Challenges faced during the study of jellyfish fossils

Due to the scarcity of jellyfish fossils, scientists have primarily studied their evolutionary history using microscopic, fossilized larval stages and information obtained from molecular studies of present-day jellyfish.

Jellyfish and their family of species pose a challenge for researchers, as they have been difficult to find in the fossil record from the Cambrian period, even though they belong to one of the earliest groups of animals.

Joe Moysiuk, a paleontology student at the University of Toronto and a co-author of the study, highlighted the elusive nature of these creatures in the ancient fossil record.

Evidence of Cambrian food chain

The discovery of Burgessomedusa phasmiformis has provided compelling evidence that the Cambrian food chain was far more intricate than previously thought, according to Joe Moysiuk.

He emphasized that this finding leaves no doubt that these jellyfish-like creatures were actively swimming in the Cambrian seas.

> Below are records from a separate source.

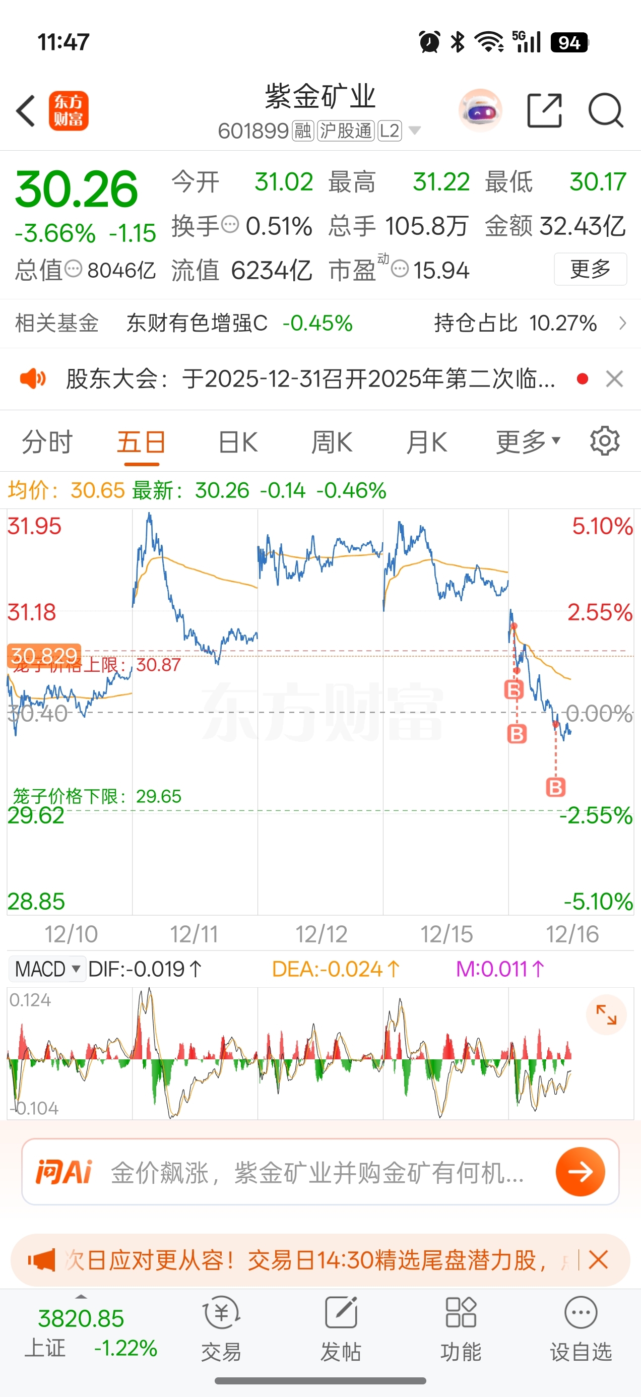 $紫金矿业(SH601899)$ 分三次进攻#投资随笔# #周末杂谈# #收盘点评# #周度策略# #实盘记录#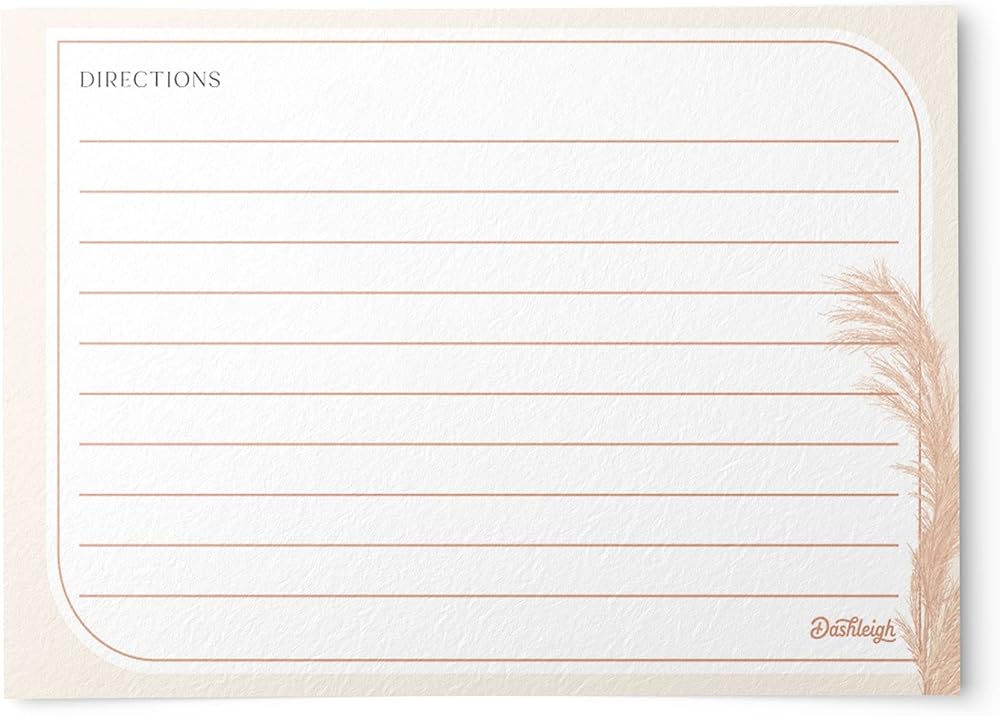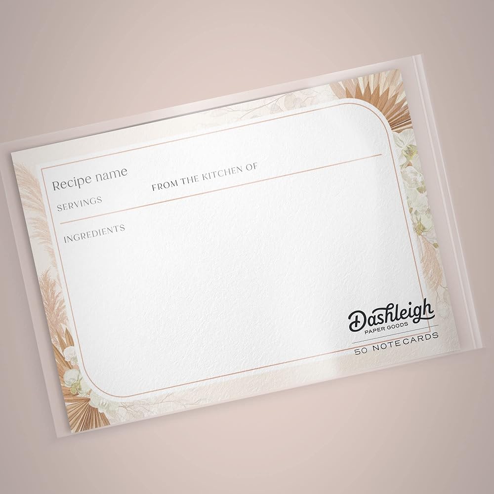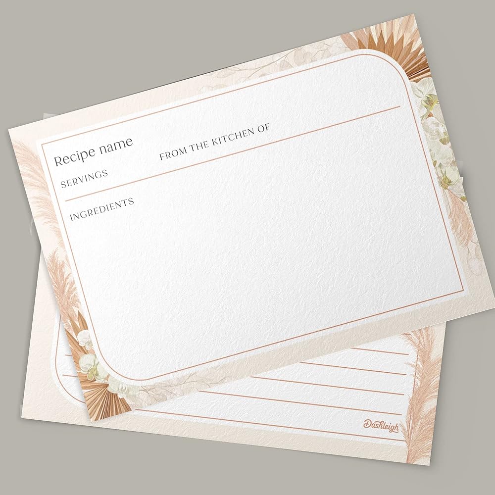 These gorgeous bohemian recipe cards features dried palm leaves, blush pinks and rust-colored rose, ivory protea, white ranunculus, and pale pampas grass. These premium recipe cards are made from heavy-duty 14pt cardstock. Printed with bold and vivid colors, these 4x6 inch cards make a perfect addition to any kitchen. Each set of 48 cards is printed on both the front and back, and packaged ready to gift.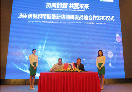 湯臣倍健和帝斯曼新功能研發(fā)戰(zhàn)略合作發(fā)布儀式現(xiàn)場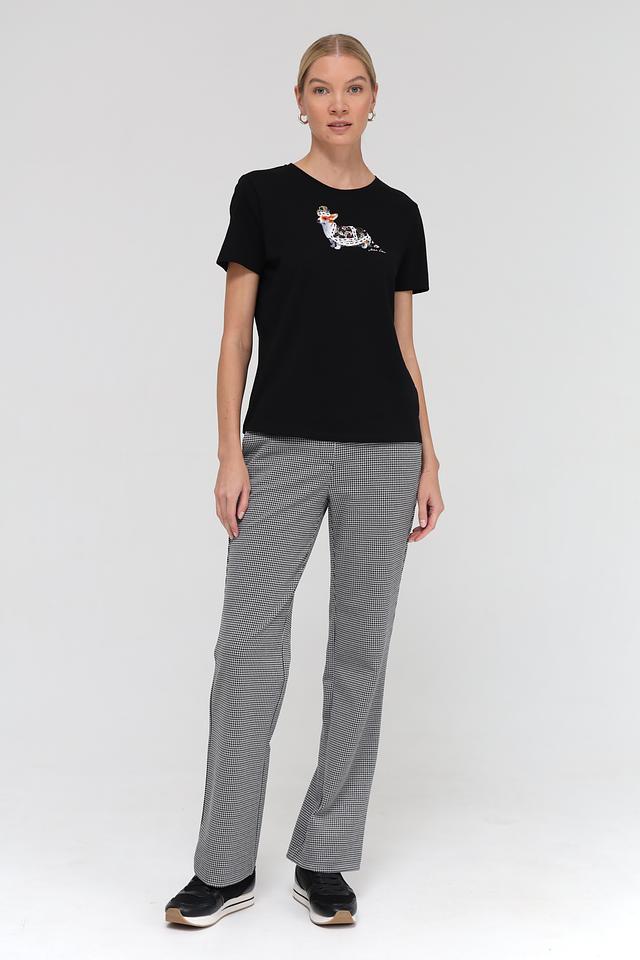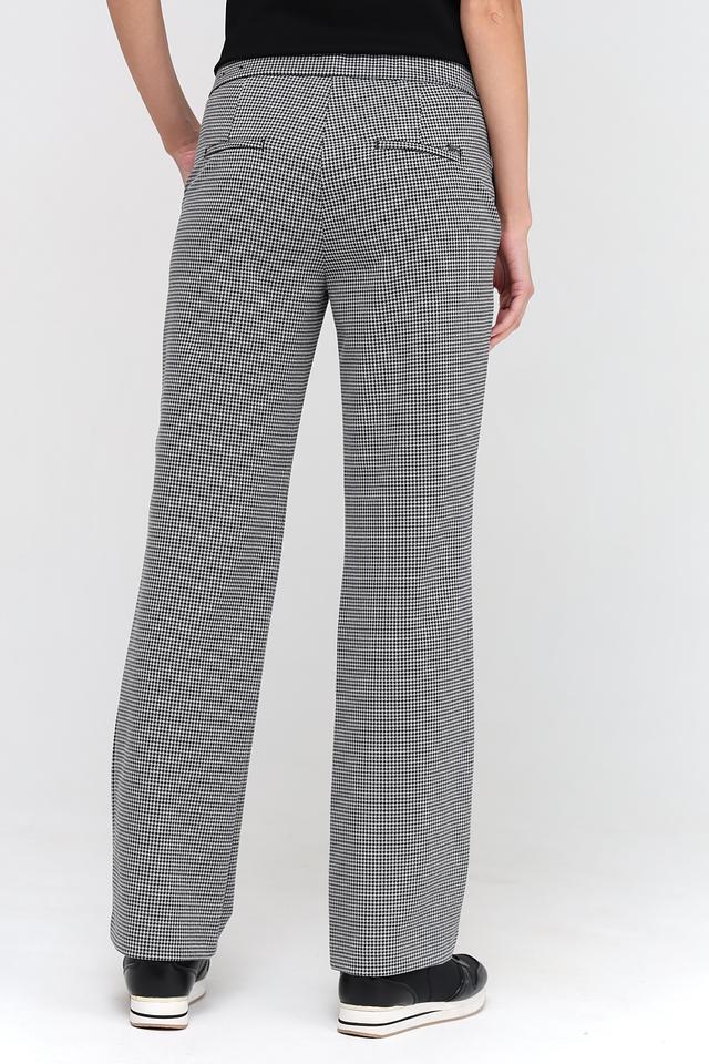 Женские брюки Toni collection чёрно-белого цвета с классическим клетчатым принтом. Модель выполнена из смесовой ткани с добавлением эластана для комфортной посадки и свободы движений. Состав: полиэстер 60%, полиамид 20%, метализ.нить 15%, эластан 5%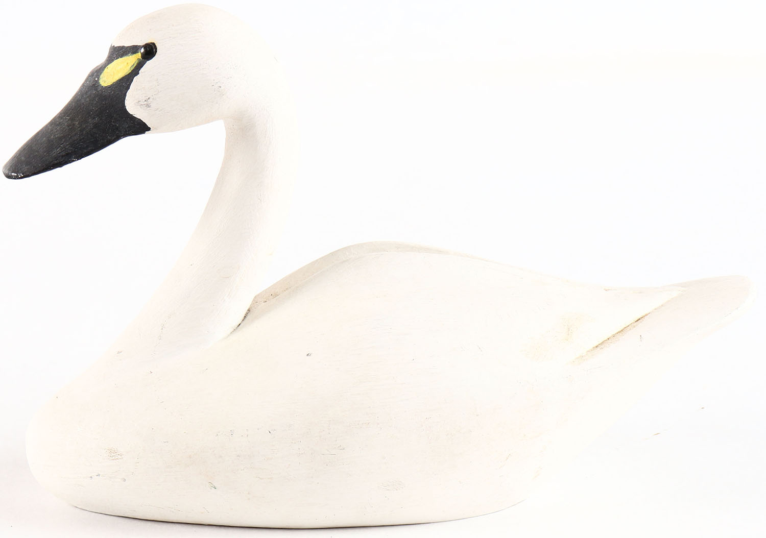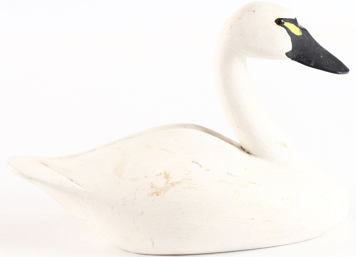 Swan by Marvin Highfield, glass eyes, solid wood, original paint, structurally excellent, signed on bottom. Grade: Excellent - Value: 2 to 60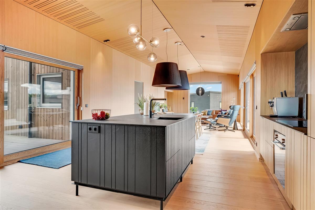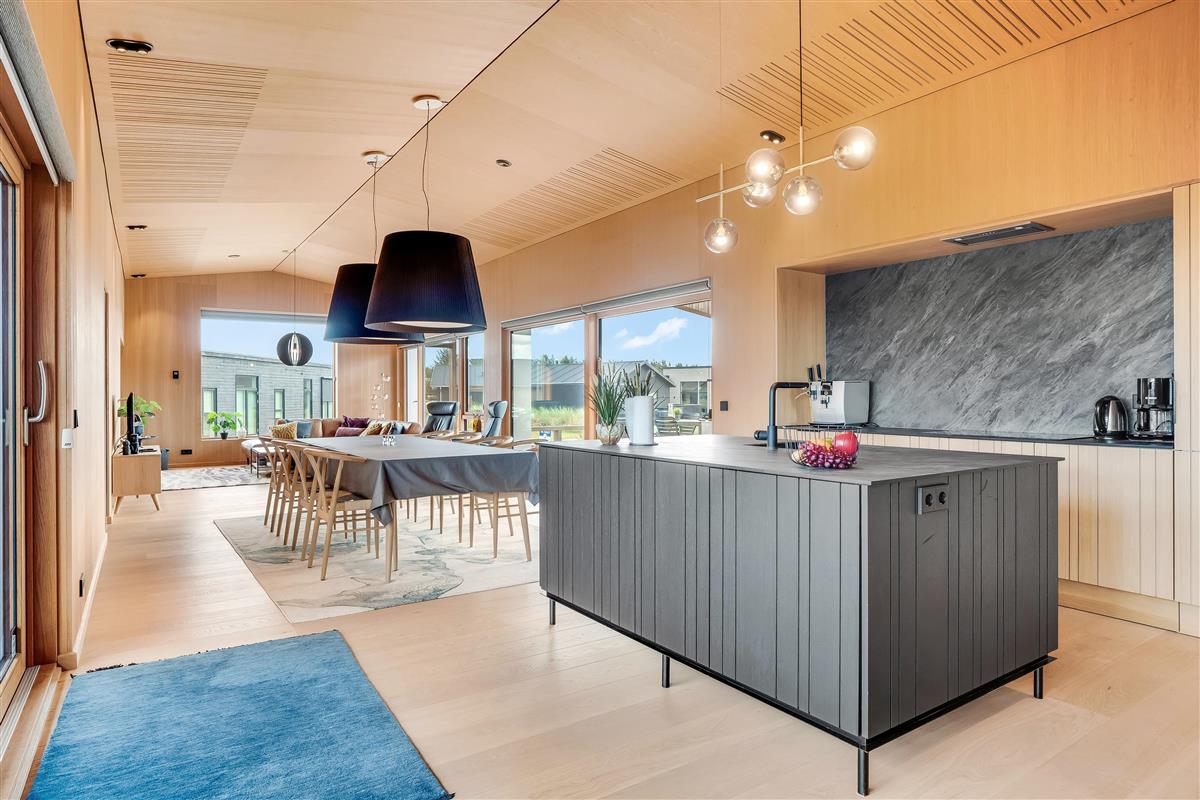 Several terraces and spacious outdoor areas make it easy to find both sun and shelter. There’s plenty of room for relaxation and play, and the beach, town, and shops are all within about a kilometre. Just 500 metres away you’ll find playgrounds and a golf course, and as the road is a cul-de-sac, it’s very quiet. You can walk, cycle, or drive to the beach – one of Denmark’s absolute best.

Dr. Jean-Bernard Caron also expressed his excitement about the significance of this discovery. He noted that the presence of Burgessomedusa phasmiformis adds another remarkable lineage of animals to the already impressive collection preserved in the Burgess Shale.

This diverse array of fossils is like a historical record chronicling the evolution of life on Earth, offering invaluable insights into the ancient past.